Aloba, while speaking to the Nation, lamented that if not the sudden experience of the pandemic which was not envisaged, the cumulative positive effect of the huge investment and interventions in agricultural programmes could have been felt by now.

He pointed out that all hopes are not lost noting that the MPR policy will go a long way to assist farmers, industrialist and encourages Small scale business enterprise at the long run.”This will have impact on banks lending and deposits as the banks will have to reduce their lending rates to clients.”
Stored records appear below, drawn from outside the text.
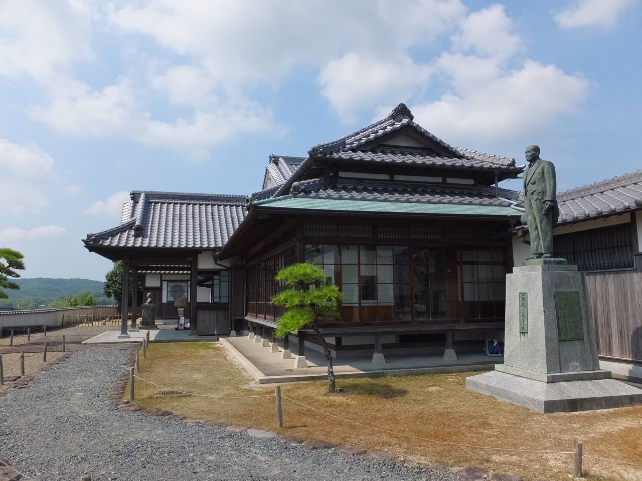 正面にその「一松定吉」氏の銅像が建っています。氏の死後、杵築市に寄贈され、公民館的な使い方をされていたのを、その後杵築の町の一番見晴らしのいい場所に移築したのだそうです。
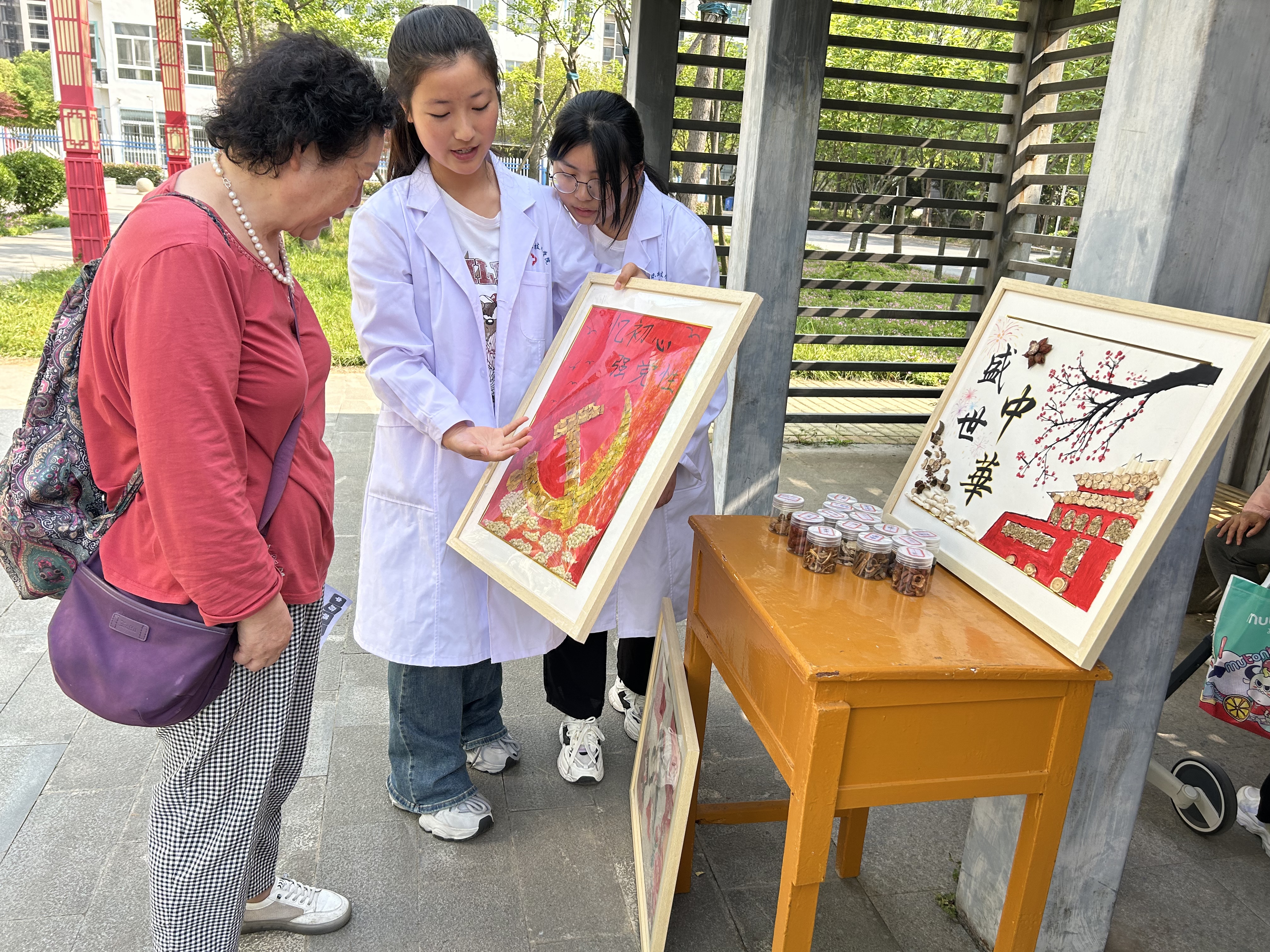“这些不是厨房大料吗?我们炖肉时常用……”在“药食同源”辨识体验区,几位阿姨拿起药材笑着问志愿者。志愿者随即引导他们感受小茴香、干姜、桑葚、枸杞等常见数味中药的色、形、味,向群众直观展现了中药和食物之间的相互联系,积极做"药食同源 "的科普知识。另外,志愿者们还提供量血压、测血糖以及健康咨询服务;并展出了数幅中药饮片工艺画作品,在现代艺术的多元化审美方面展示中草药的别样世界。
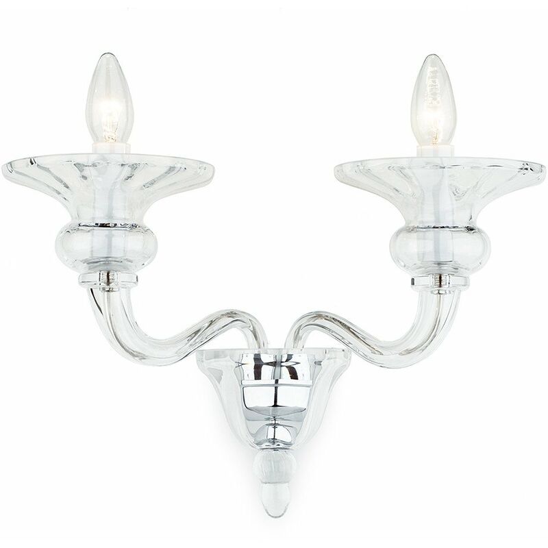 Impex Zagreb Lampada da parete a candela in vetro trasparente | Finitura: Cromata | Altezza: 28 cm | Lunghezza: 41 cm | Sporgenza: 20 cm | Tipo di lampada: E14 | N. di lampade: 2 | Dimmerabile: Sì - Sono necessarie lampadine dimmerabili | Potenza (max): 60 W
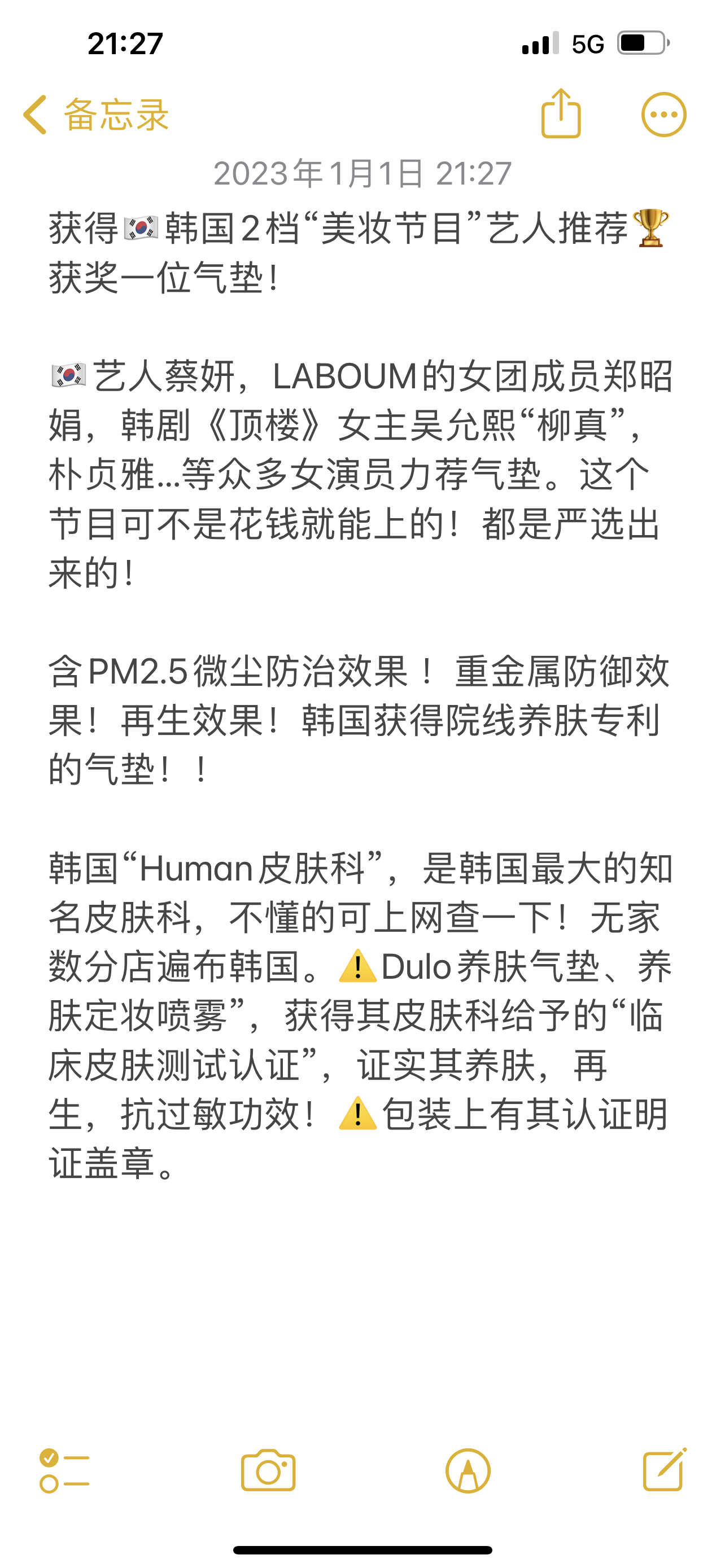 现货 EXP27年4月 韩国DULO院线气垫 自然养肤不浮粉 细腻滋润清透
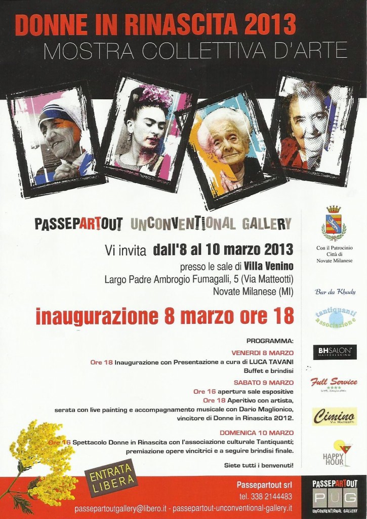 8/9/10 MARZO 2013 c/o Villa Venino, Novate Milanese (MI) Madre Teresa di Calcutta, Frida Kahlo, Rita Levi Montalcini, Alda Merini. Tormento, violenza, abuso, solitudine, tradimento, follia, rinascita, affermazione, emancipazione e amore. Un omaggio a quattro donne, nel giorno a loro dedicato.
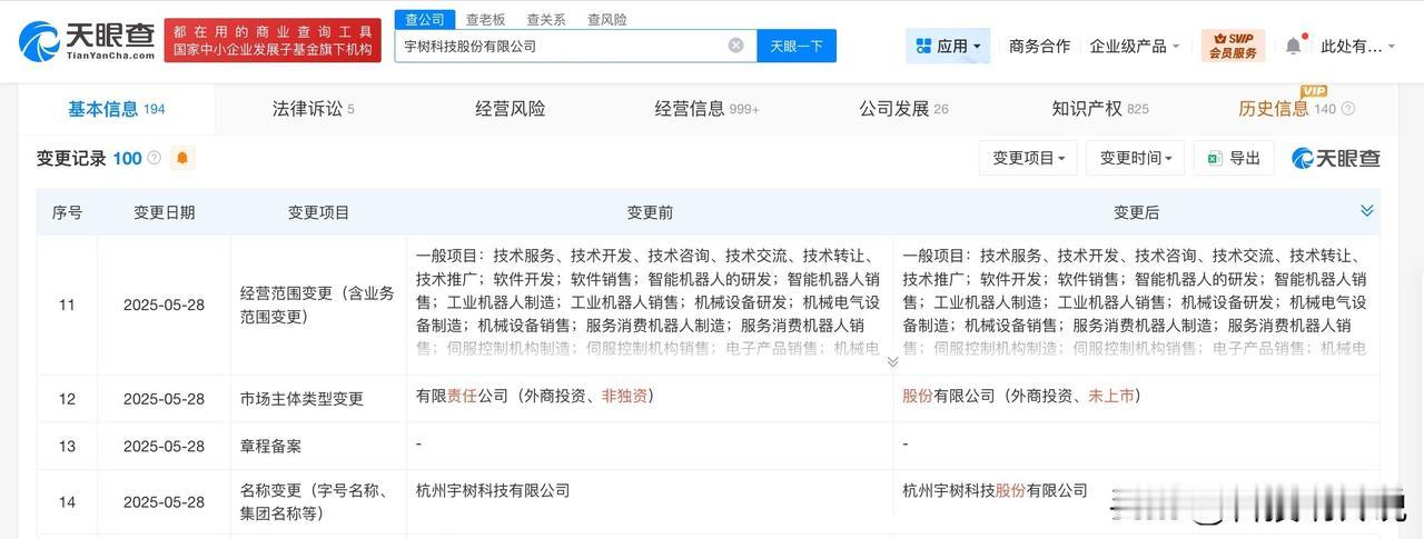 【盘点宇树科技投资版图 宇树科技一年内成立多家新公司 宇树科技关联公司已多次增资 宇树科技关联公司已多次更名】宇树科技上市绿色通道被叫停 据媒体报道,宇树科技A股上市的绿色通道被叫停,但上市并未叫停。所谓上市“绿色通道”是一种旨在优化审核流程、缩短上市时间的机制,通过优先处理、简化程序等方式提升效率。根据中国证监会官网显示,宇树科技11月份已经完成了IPO上市辅导工作。公告显示,宇树科技拟申请在境内IPO,中信证券为辅导机构。 天眼查工商信息显示,宇树科技关联公司宇树科技股份有限公司成立于2016年8月,法定代表人为王兴兴,注册资本约3.64亿人民币,经营范围含软件销售、智能机器人的研发、智能机器人销售、工业机器人制造、工业机器人销售、机械设备研发等。股东信息显示,该公司由王兴兴、汉海信息技术(上海)有限公司、宁波红杉科盛股权投资合伙企业(有限合伙)、上海宇翼企业管理咨询合伙企业(有限合伙)等共同持股。对外投资信息显示,该公司在内地直接持股6家企业,均为存续状态。值得一提的是,2025年以来,宇树科技已成立多家新公司,包括重庆宇羿科技有限公司、宇树科技(宁波)有限责任公司、深圳天羿科技有限公司。此外,该公司已多次增资并多次更名。 天眼查信息:
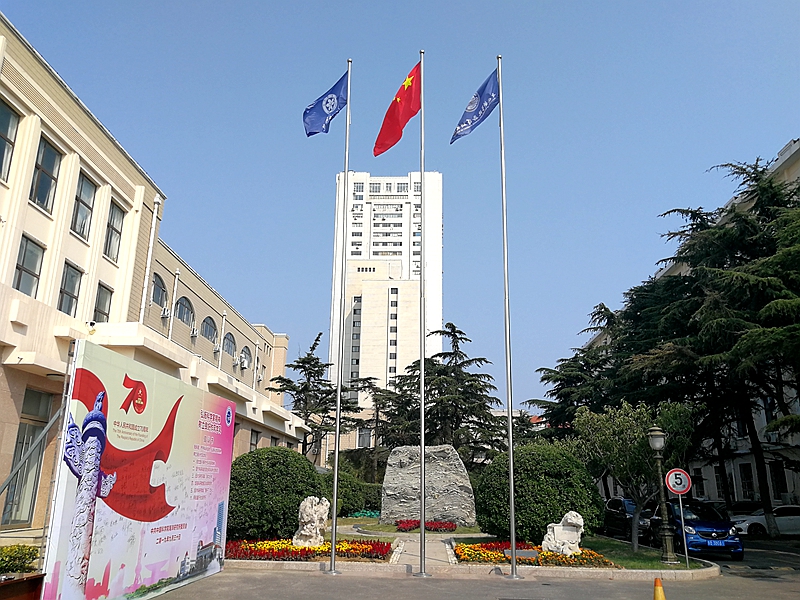 迎風(fēng)飄揚(yáng)的國(guó)旗、院旗和所旗
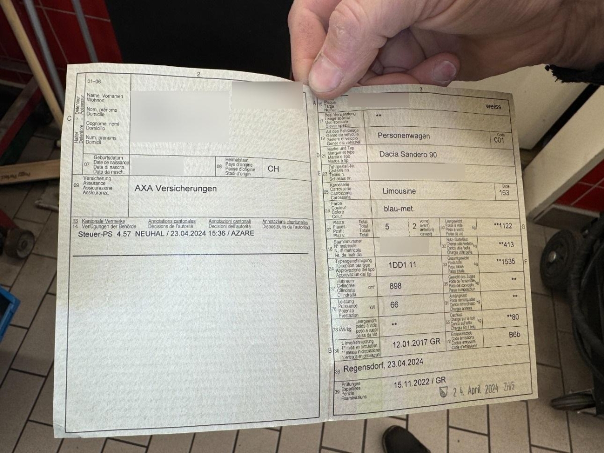 | Fahrzeugausweis | Vorhanden |
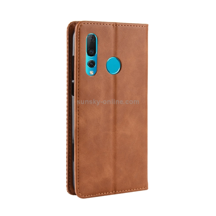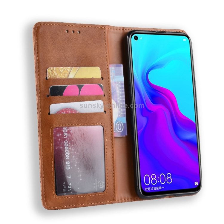 Funda de Cuero con Tapa Horizontal para Huawei Nova 4 con Soporte y Ranuras para Tarjetas (Marrón)
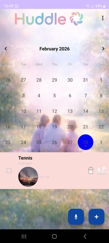 Easily share important dates and reminders with your family. Share photos, clothing information. Medical reminders. Use the built in voice event store so no more typing. Tell huddle the event, location date and time. Huddle will take care of the rest.

The expert noted that if lower interest rate is combined with other earlier measures such as extended moratorium, lower interest rate on intervention funding and targeted facilities, agriculture and industrial sector may experience a leap in productivity.

According to the National Bureau of Statistics (NBS) the contribution of Nigeria’s agricultural sector to the Gross Domestic Product (GDP) in the first quarter of 2020 was the sector’s highest first-quarter contribution in the last two years.

In real terms, Nigeria’s GDP for the first quarter of 2020 stood at N16.7 trillion, meaning agriculture generated about N3.7 trillion.

A former director at the CBN, Mr. Titus Okunrounmu, praised the apex bank for its timely response by reducing the lending rate adding that the downward review of interest rate to 12.5 per cent  will encourage private investment to boost the nation’s economy.

According to him, it was an attempt to further encourage people to take credit and loans as the nation’s economic activities had slowed under the lockdown situation.

“With COVID-19 pandemic associated with lockdown, no investor will be willing to invest money in the country until the environment is conducive for investment.”

Though the issue of the pandemic is a global phenomenon, Mr. Lukeman Alatise, a stock broker, argued that it will take a gradual process and consistence before the damage done to the economy could be salvaged.

Alatise, who is also a risk manager, pointed out the CBN decision was a positive growth response noting that it will cushion the effect of covid 19.

“Before the pandemic  the country was battling with a mono economy  in which oil was heavily relied upon and in the last three years that the paradigm has completely changed towards a favourable disposition to agriculture and resuscitation of ailing industries, covid 19  like a thunder struck.

“The downward review of interest rate to 12.5 per cent by the apex bank will protect the economy  from external shocks which the pandemic has caused.”